Execution Copy
FIRST AMENDMENT TO CREDIT AGREEMENT
THIS FIRST AMENDMENT TO CREDIT AGREEMENT dated as of July 18, 1996 by
and among REGENCY REALTY CORPORATION ("Borrower"), each of the Lenders signatory
hereto ("Lenders") and XXXXX FARGO REALTY ADVISORS FUNDING, INCORPORATED, as
Agent ("Agent").
WHEREAS, Borrower, Lenders and Agent are parties to that certain Credit
Agreement dated as of May 17, 1996 (the "Credit Agreement") and desire to amend
certain provisions of the Credit Agreement on the terms and conditions contained
herein.
NOW, THEREFORE, for good and valuable consideration, the receipt and
sufficiency of which are hereby acknowledged by the parties hereto, the parties
hereto hereby agree as follows:
Section 1. Specific Amendments to Credit Agreement.

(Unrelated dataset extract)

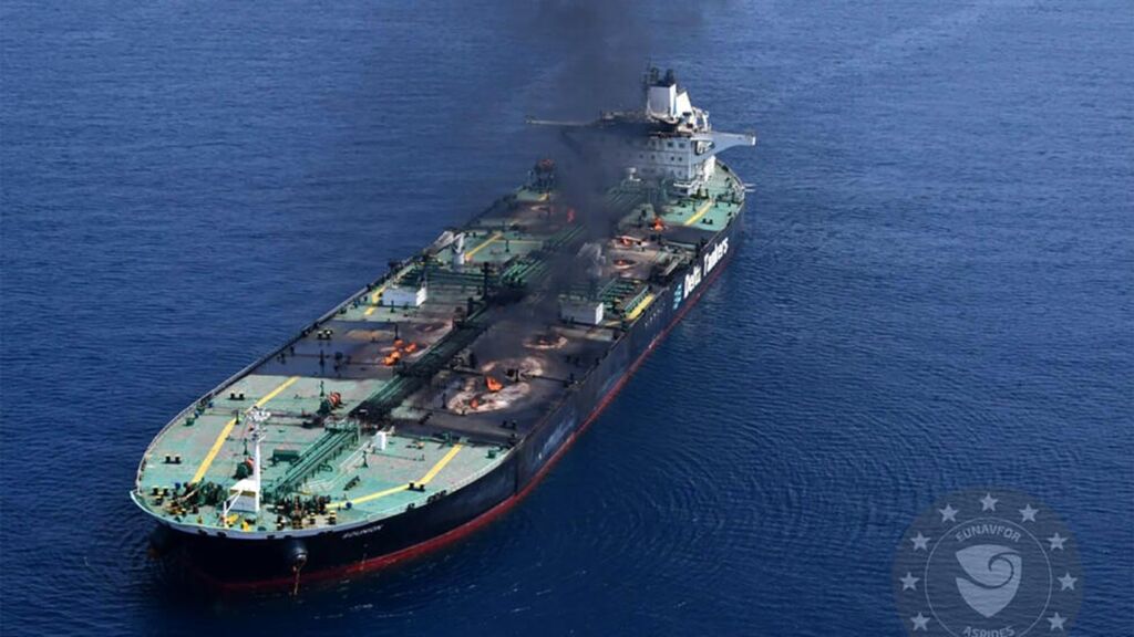 Le Sounion, qui transporte 150.000 tonnes de pétrole brut, a pris feu et perdu sa force motrice après avoir été attaqué le 21 août. Ses 25 membres d'équipages ont été évacués le lendemain par une frégate française de la mission européenne Aspides, déployée dans la zone.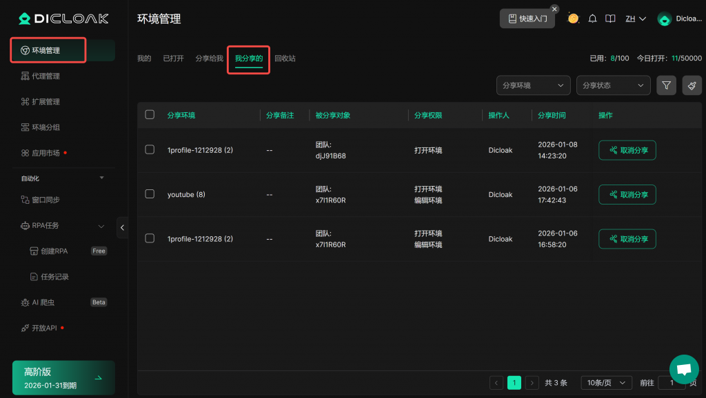 1) 在【环境管理】中,点击【我分享的】即可查看环境分享记录

(a) The Credit Agreement is hereby amended by deleting from Section 1.1
the definition of the term "Unprotected Floating Rate Debt" and substituting in
its place the following:
"Unprotected Floating Rate Debt" means all Indebtedness of the
Borrower (including, without limitation, Indebtedness of Unconsolidated
Affiliates of the Borrower which Indebtedness is recourse to the
Borrower) which bears interest at fluctuating rates and for which the
Borrower has not obtained Interest Rate Agreements which effectively
cause such variable rates to be equivalent to fixed rates less than or
equal to 10% per annum.
(b) The Credit Agreement is hereby amended by deleting the last sentence of
Section 2.6. and substituting in its place the following:
Each Conversion from a Base Rate Loan to a LIBOR Loan shall be in an
aggregate amount for the Loans of all the Lenders of not less than
$1,000,000 or integral multiples of $100,000 in excess of that amount.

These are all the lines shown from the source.